◆ Exercise materials ◆
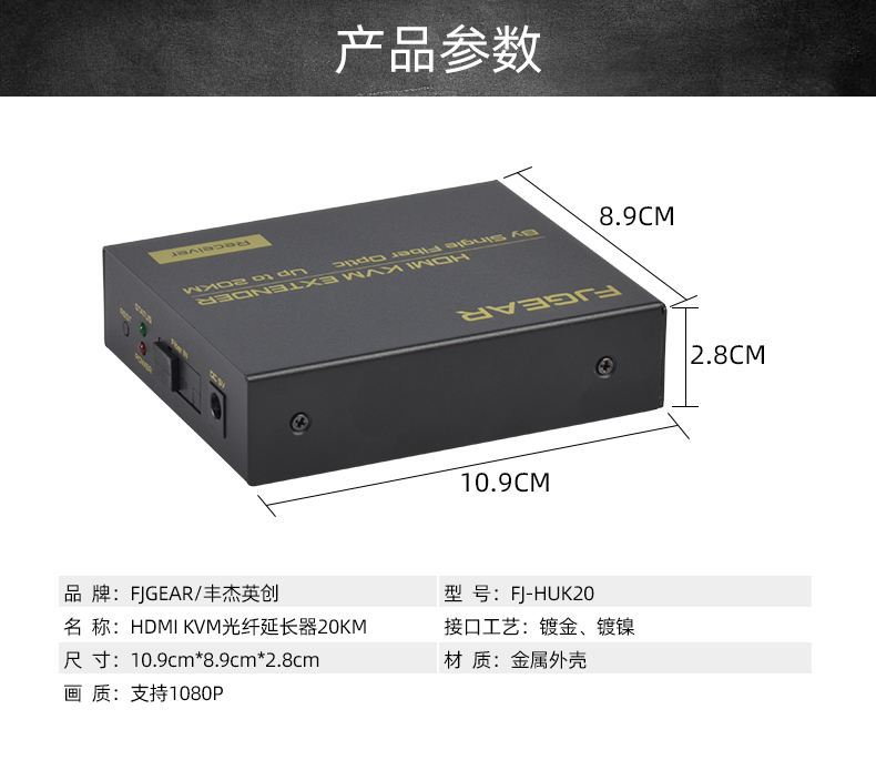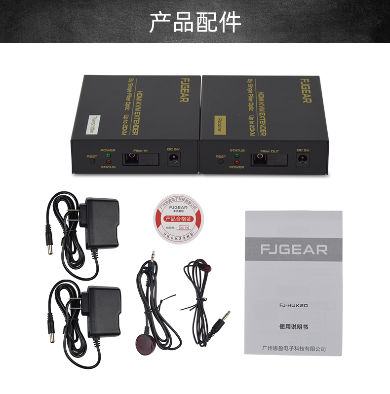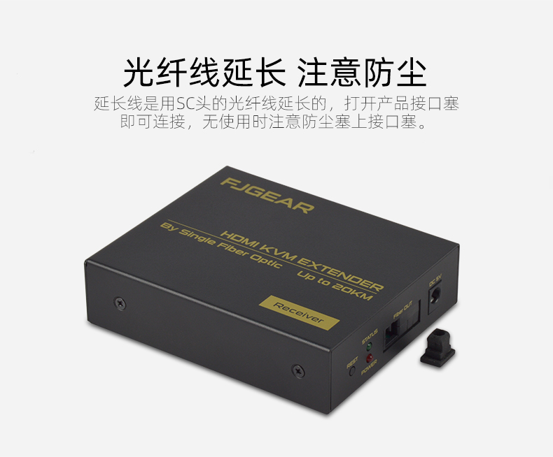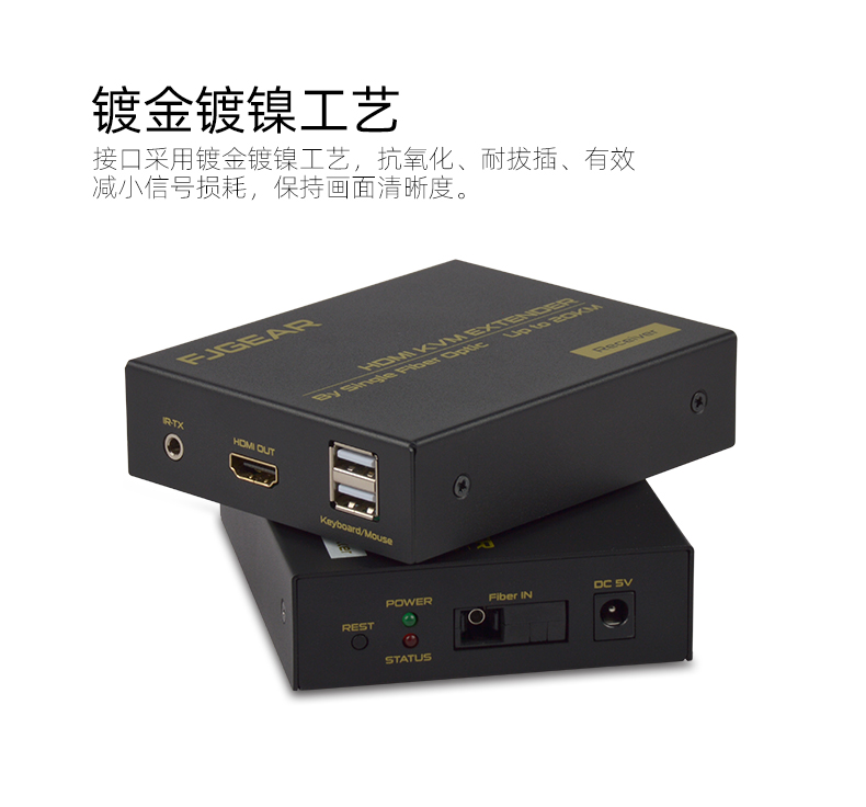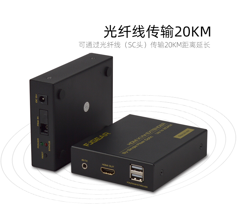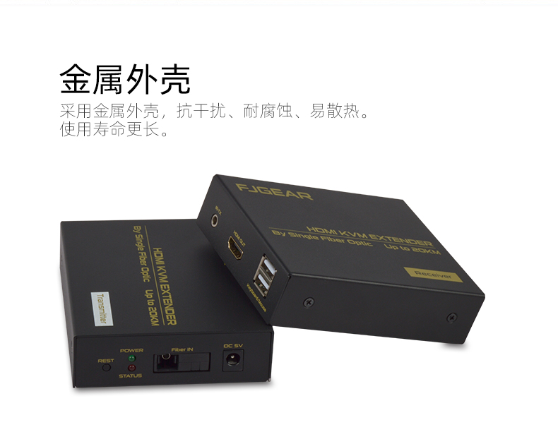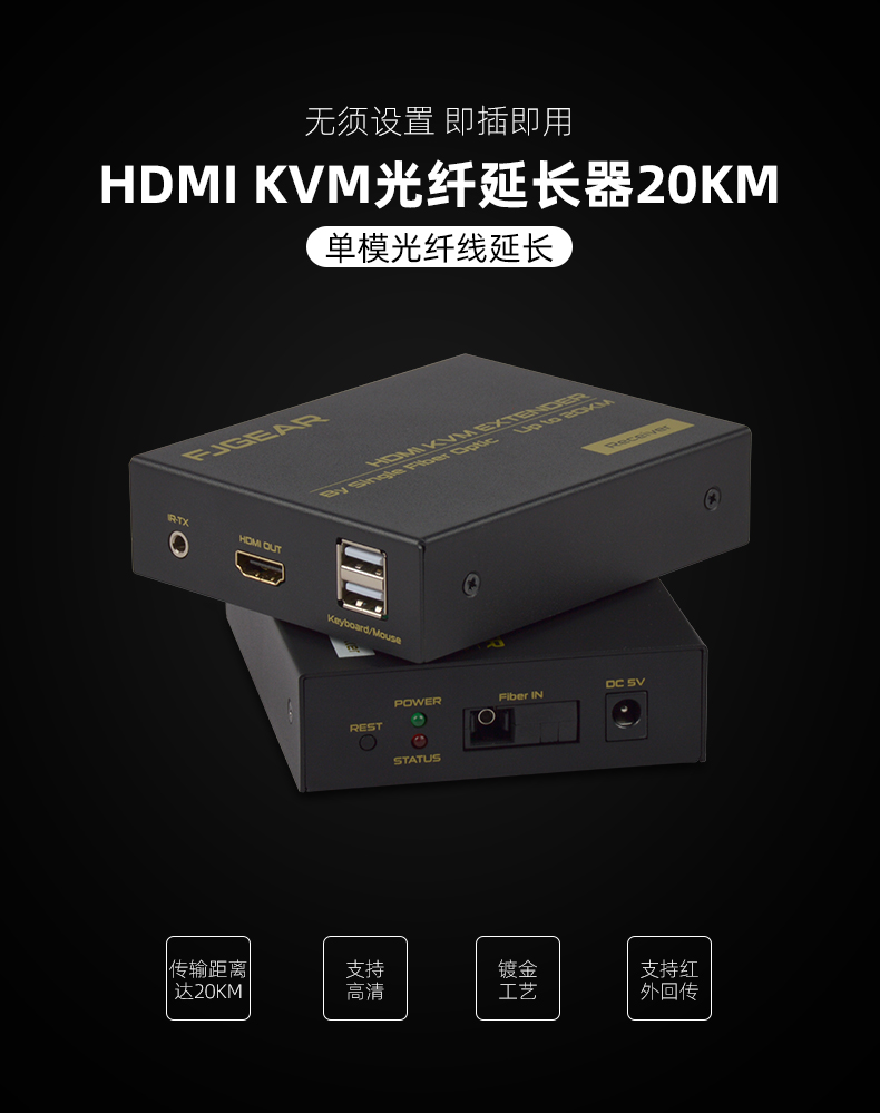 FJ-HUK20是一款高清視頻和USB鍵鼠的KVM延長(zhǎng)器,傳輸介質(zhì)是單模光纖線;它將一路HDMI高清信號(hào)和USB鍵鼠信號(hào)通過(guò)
---
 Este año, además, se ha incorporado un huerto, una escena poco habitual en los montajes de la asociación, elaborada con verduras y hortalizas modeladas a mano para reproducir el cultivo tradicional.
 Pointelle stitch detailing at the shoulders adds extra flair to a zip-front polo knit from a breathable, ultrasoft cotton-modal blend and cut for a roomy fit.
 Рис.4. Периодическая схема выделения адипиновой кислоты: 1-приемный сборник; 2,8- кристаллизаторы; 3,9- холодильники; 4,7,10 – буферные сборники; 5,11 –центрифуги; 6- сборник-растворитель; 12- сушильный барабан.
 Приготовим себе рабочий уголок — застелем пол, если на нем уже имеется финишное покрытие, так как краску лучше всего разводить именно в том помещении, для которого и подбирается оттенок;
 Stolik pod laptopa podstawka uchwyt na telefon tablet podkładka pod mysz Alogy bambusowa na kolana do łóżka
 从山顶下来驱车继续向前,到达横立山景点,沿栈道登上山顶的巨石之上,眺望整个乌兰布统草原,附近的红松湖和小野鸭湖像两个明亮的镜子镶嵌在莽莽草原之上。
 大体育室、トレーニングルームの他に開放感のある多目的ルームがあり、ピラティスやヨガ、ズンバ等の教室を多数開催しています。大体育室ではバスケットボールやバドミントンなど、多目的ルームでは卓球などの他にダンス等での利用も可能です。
...
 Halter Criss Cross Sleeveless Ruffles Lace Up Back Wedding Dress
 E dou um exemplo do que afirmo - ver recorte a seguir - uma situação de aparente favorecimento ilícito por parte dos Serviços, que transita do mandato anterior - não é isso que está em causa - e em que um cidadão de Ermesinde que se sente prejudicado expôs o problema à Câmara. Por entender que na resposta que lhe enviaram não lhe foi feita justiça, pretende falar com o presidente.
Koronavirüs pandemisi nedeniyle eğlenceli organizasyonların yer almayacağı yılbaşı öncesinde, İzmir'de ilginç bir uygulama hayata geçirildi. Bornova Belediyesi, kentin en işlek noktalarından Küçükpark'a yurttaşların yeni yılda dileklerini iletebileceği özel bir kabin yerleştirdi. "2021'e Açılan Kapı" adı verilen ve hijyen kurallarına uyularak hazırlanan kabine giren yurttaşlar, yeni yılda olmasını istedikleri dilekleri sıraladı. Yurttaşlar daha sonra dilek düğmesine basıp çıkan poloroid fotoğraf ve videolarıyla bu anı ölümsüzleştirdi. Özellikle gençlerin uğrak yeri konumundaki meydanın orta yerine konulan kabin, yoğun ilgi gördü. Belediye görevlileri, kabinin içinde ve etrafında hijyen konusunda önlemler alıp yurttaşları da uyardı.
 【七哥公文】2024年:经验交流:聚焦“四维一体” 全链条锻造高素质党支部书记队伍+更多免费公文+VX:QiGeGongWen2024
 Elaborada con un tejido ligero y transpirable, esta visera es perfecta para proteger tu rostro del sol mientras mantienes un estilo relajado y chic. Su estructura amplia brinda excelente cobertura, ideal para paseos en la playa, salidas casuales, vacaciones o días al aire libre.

◆ Task prompt ◆
Search the listing for "para" and copy each line holding it.

◆ Exercise result ◆
 Este año, además, se ha incorporado un huerto, una escena poco habitual en los montajes de la asociación, elaborada con verduras y hortalizas modeladas a mano para reproducir el cultivo tradicional.
 Elaborada con un tejido ligero y transpirable, esta visera es perfecta para proteger tu rostro del sol mientras mantienes un estilo relajado y chic. Su estructura amplia brinda excelente cobertura, ideal para paseos en la playa, salidas casuales, vacaciones o días al aire libre.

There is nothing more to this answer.